Mincheol Shin

Maximization of acoustic energy difference between two spaces

There has recently been an increasing interest in the generation of a sound field that is audible in one spatial region and inaudible in an adjacent region. The method proposed here ensures the control of the amplitude and phase of multiple acoustic sources in order to maximize the acoustic energy difference between two adjacent regions while also ensuring that evenly distributed source strengths are used. The performance of the method proposed is evaluated by computer simulations and experiments with real loudspeaker arrays in the shape of a circle and a sphere. The proposed method gives an improvement in the efficiency of radiation into the space in which the sound should be audible, while maintaining the acoustic pressure difference between two acoustic spaces. This is shown to give an improvement of performance compared to the contrast control method previously proposed.

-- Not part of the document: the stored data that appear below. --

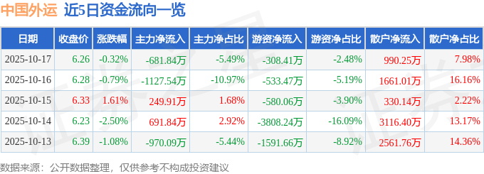 证券之星消息,截至2025年10月17日收盘,中国外运(601598)报收于6.26元,下跌0.32%,换手率0.38%,成交量19.78万手,成交额1.24亿元。
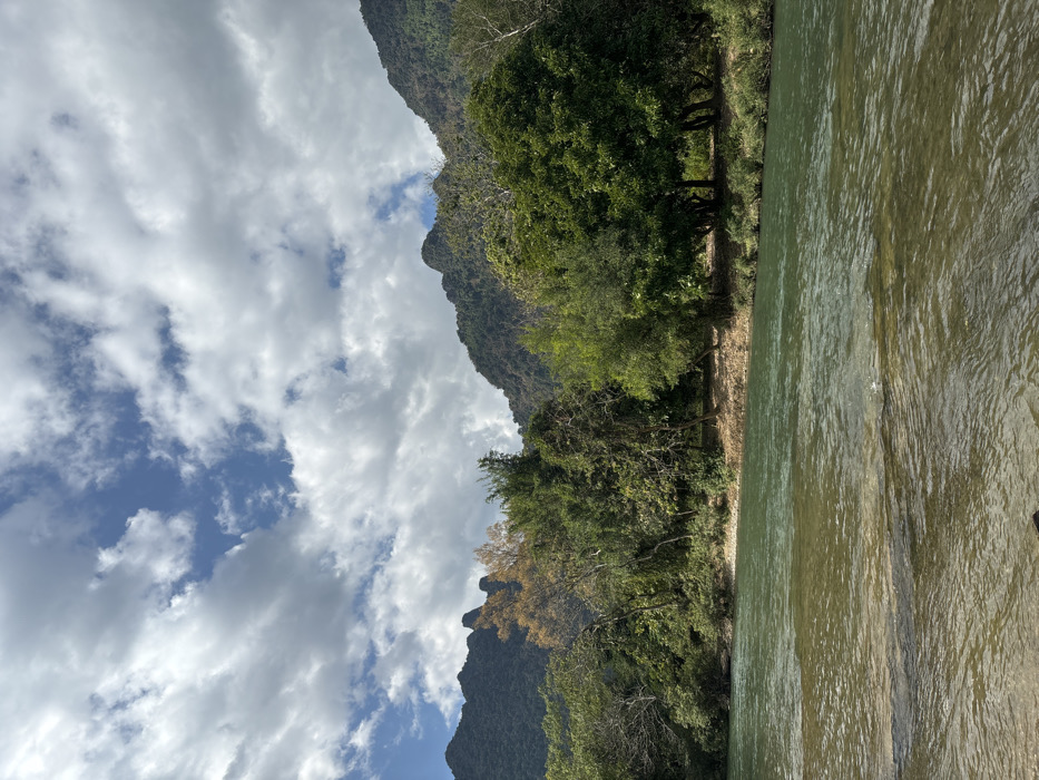 A river dominates the scene, its murky water reflecting light. The riverbank is lined with lush green trees, transitioning into rugged mountains. Fluffy white clouds fill the sky, contrasting with patches of clear blue. The landscape evokes a sense of wilderness and natural beauty.
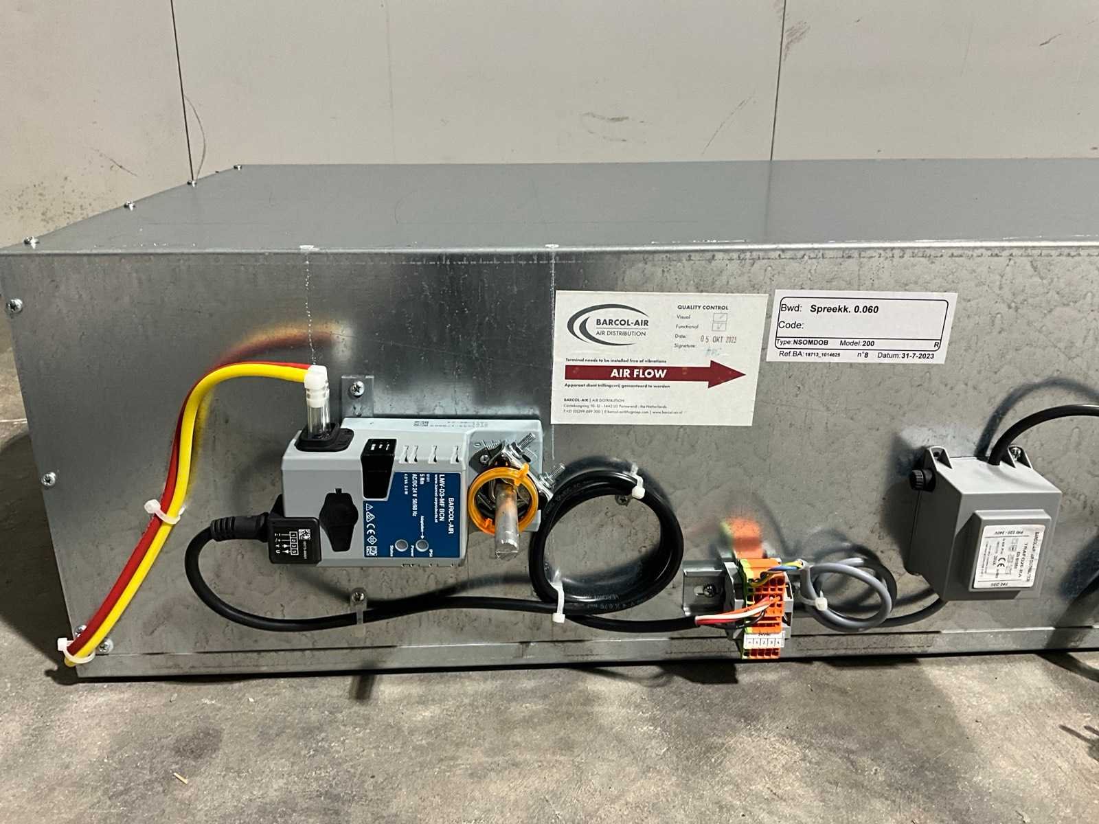 Type: NSOMDOB Model: 200 Merk: Barcol-Air Type: Variable Air Volume Terminal Bouwjaar: 2023 Eigen gewicht: 40kg Totale afmeting L: 1650mm Totale afmeting Breedte: 620mm Totale afmeting Hoogte: 270mm
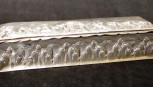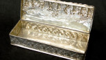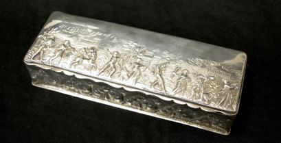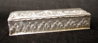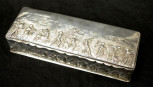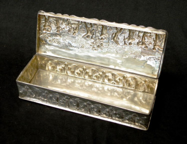 hallmarked Chester 1902, maker: George Nathan & Ridley Hayes, with repousse traditional Greek scene top, width 22cm X depth 8cm X height 4.5cm, 357grams approx -

Fast Convolution Method Using Real-time Masking Effects in Sound Reverberator

With the advent of sound field simulator, many sound fields have been reproduced by obtaining the impulse responses of specific acoustic spaces like famous concert hall, opera house. This sound field reproduction has been done by the linear convolution operation between the sound input signal and the impulse response of certain acoustic space. However, the conventional finite impulse response based linear convolution operation always makes real-time implementation of sound field generator impossible due to the large amount of computational burden. This paper introduces the fast convolution method using perceptual redundancy in the processed signals, input audio signal and room impulse response. Temporal and spectral real-time masking blocks are implemented in the proposed convolution structure. It reduces the computational burden of convolution methods for real-time implementation of a sound field generator. The conventional convolutions are compared with the proposed one in views of computational burden and sound quality. In the proposed method, a considerable reduction in the computational burden was realized with acceptable changes in sound quality.